The attack tool "EternalBlue" that spreads Ransomware "Wanna Cry" diffuses smoothly

byLaurent Peignault

In May 2017,Ran smith wear "Wanna Cry" which requests ransom by encrypting the file of PC is a big fashion worldwideDid. One year since its violence, "Wanna Cry" ceased, but still there are a large number of computers with incomplete patches all over the world and it is a good target for Eternal Blue used for Wanna Cry spreading I will.

One Year After Wanna Cry, Eternal Blue Exploit Is Bigger Than Ever
https://www.bleepingcomputer.com/news/security/one-year-after-wannacry-eternalblue-exploit-is-bigger-than-ever/


One year ago, ESET products stopped Wanna Cry / Wanna Cryptor in its tracks: Here's an update | ESET
https://www.eset.com/us/about/newsroom/corporate-blog/one-year-ago-eset-products-stopped-wannacry-wannacryptor-in-its-tracks-heres-an-update/

EternalBlue was originally developed by the Cyber ​​Department of the National Security Agency of the United States of America (NSA), and it is believed that most of it was stolen by hacker groups.
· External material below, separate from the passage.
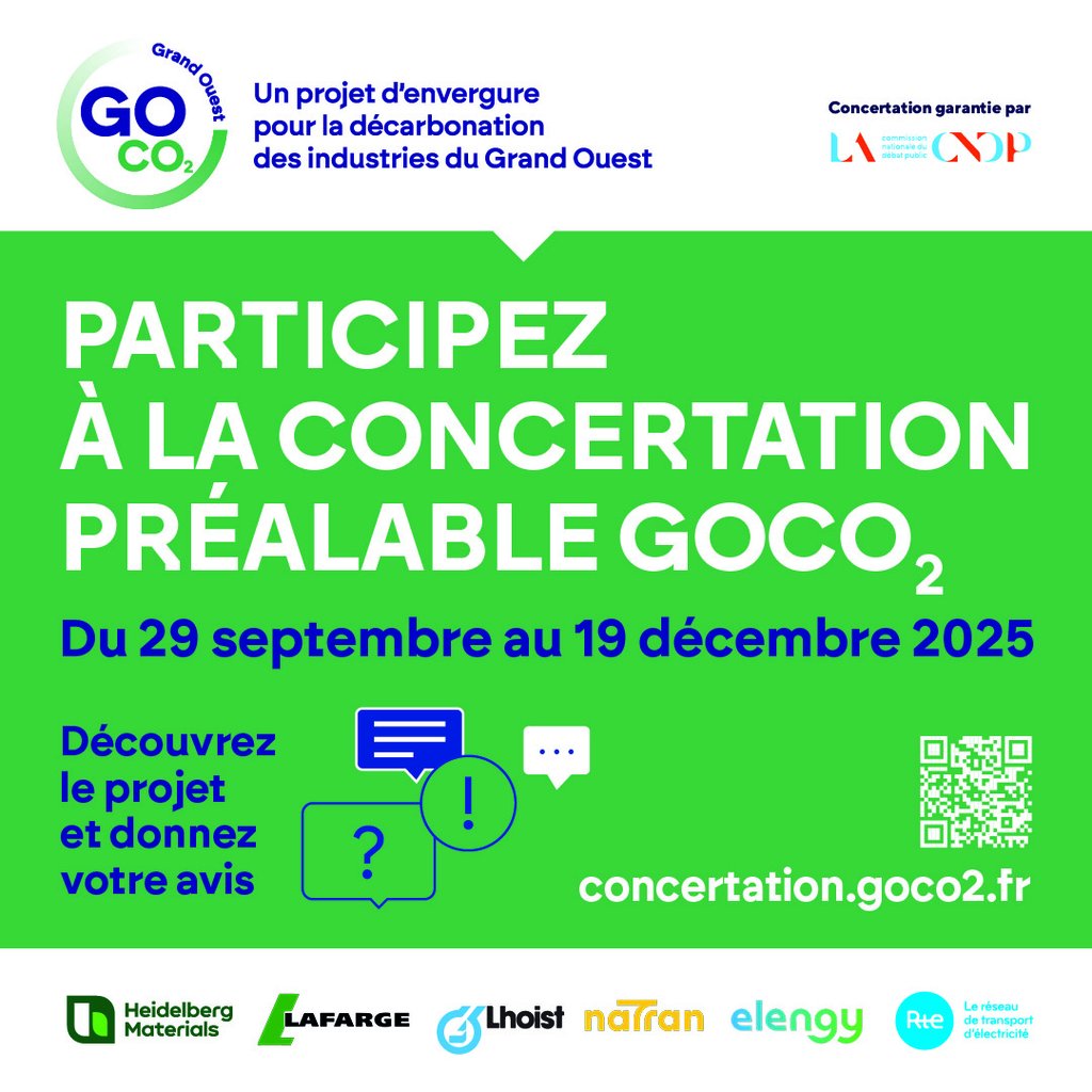 Afin d’informer et d’obtenir l’avis du public sur le projet GOCO2, une concertation préalable est organisée du 29 septembre 2025 au 19 décembre 2025 sous l’égide de la Commission nationale du débat public.

Moreover, it has flowed out multiple times on the net,It is used for spreading of Ransomware "WannaCry", spreading virtual currency mining malware, etc..

EternalBlue originally only works on Windows 7 and Windows Server 2008, so the damage was limited. OS is on Windows XPCrash on "Blue Screen of Death"Damage of WannaCry did not expand much because it was because of it.

However, after that, improvements were made to break vulnerabilities in Windows 8, Windows Server 2012, and Windows 10, and acquired the ability to infect many computers. Among the malware creators, it became a necessity of hacking.

One of the reasons why EternalBlue survived is that computers that do not properly patch vulnerabilities still exist in the world in millions and are connected to the network. Apparently, the threat of EternalBlue seems to continue for the time being.